__Task to carry out__:
Verbatim copy, pictures excluded: every line from the one with "Wondering about lower" through the final line of the data below, and no other line.

__Data shown__:
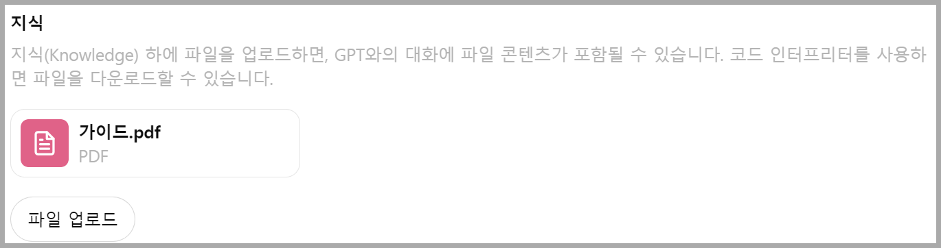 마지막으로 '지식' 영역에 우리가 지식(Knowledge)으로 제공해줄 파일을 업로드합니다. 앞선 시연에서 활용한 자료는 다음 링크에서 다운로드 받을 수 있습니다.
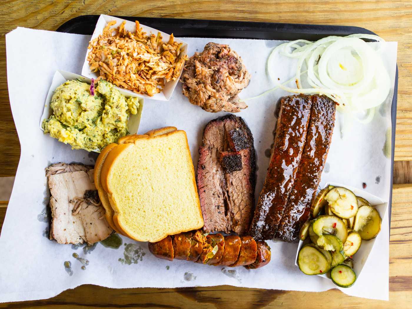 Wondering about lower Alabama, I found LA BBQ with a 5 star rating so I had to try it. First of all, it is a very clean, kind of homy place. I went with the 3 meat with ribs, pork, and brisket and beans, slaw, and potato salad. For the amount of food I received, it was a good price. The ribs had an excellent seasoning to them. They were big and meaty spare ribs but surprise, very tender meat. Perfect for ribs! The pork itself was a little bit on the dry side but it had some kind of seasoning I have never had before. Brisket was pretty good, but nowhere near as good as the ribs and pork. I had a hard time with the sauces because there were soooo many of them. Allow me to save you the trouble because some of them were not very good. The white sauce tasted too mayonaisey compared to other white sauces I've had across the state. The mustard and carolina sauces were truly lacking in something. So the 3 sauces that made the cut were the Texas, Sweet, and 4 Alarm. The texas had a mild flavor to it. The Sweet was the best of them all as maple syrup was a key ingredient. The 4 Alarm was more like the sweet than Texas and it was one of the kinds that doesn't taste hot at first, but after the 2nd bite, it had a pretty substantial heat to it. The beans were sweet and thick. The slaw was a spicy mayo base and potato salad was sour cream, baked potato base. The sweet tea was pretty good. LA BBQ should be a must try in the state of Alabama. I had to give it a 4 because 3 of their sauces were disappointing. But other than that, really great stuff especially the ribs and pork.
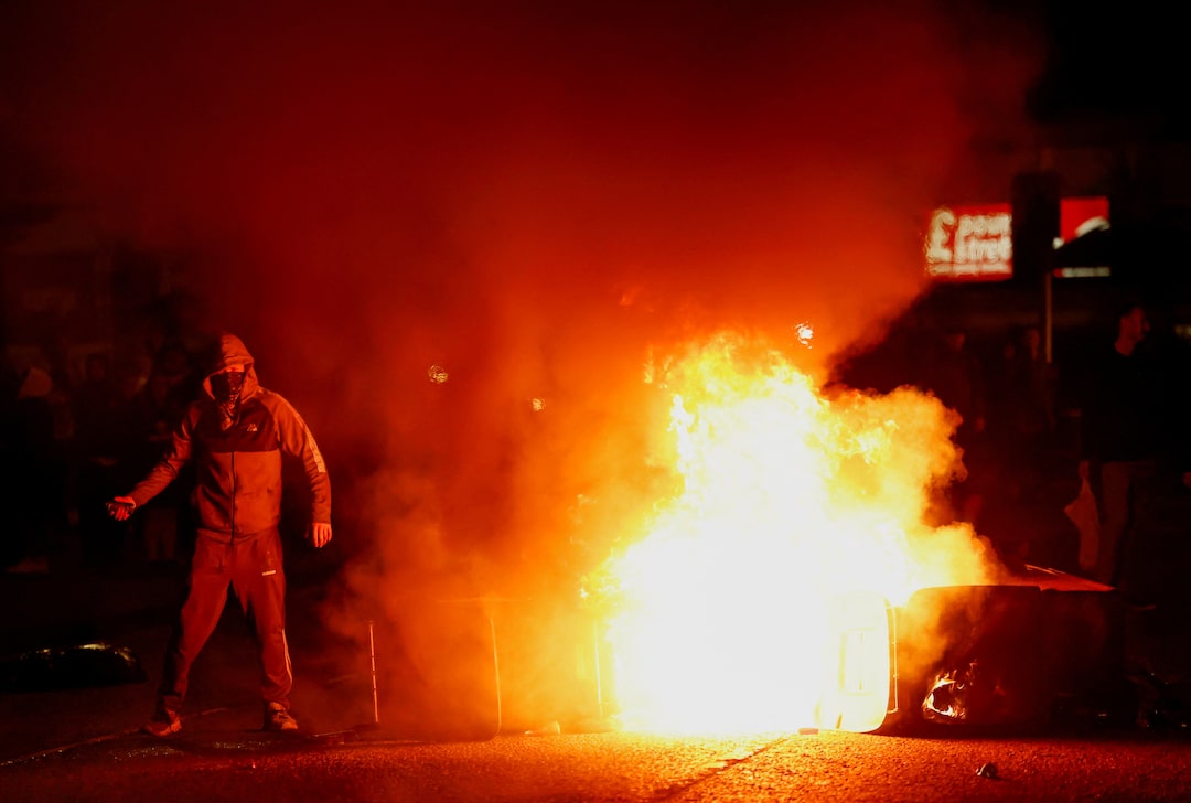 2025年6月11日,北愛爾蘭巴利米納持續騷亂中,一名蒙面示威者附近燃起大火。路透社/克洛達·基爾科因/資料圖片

__Written answer__:
 Wondering about lower Alabama, I found LA BBQ with a 5 star rating so I had to try it. First of all, it is a very clean, kind of homy place. I went with the 3 meat with ribs, pork, and brisket and beans, slaw, and potato salad. For the amount of food I received, it was a good price. The ribs had an excellent seasoning to them. They were big and meaty spare ribs but surprise, very tender meat. Perfect for ribs! The pork itself was a little bit on the dry side but it had some kind of seasoning I have never had before. Brisket was pretty good, but nowhere near as good as the ribs and pork. I had a hard time with the sauces because there were soooo many of them. Allow me to save you the trouble because some of them were not very good. The white sauce tasted too mayonaisey compared to other white sauces I've had across the state. The mustard and carolina sauces were truly lacking in something. So the 3 sauces that made the cut were the Texas, Sweet, and 4 Alarm. The texas had a mild flavor to it. The Sweet was the best of them all as maple syrup was a key ingredient. The 4 Alarm was more like the sweet than Texas and it was one of the kinds that doesn't taste hot at first, but after the 2nd bite, it had a pretty substantial heat to it. The beans were sweet and thick. The slaw was a spicy mayo base and potato salad was sour cream, baked potato base. The sweet tea was pretty good. LA BBQ should be a must try in the state of Alabama. I had to give it a 4 because 3 of their sauces were disappointing. But other than that, really great stuff especially the ribs and pork.
 2025年6月11日,北愛爾蘭巴利米納持續騷亂中,一名蒙面示威者附近燃起大火。路透社/克洛達·基爾科因/資料圖片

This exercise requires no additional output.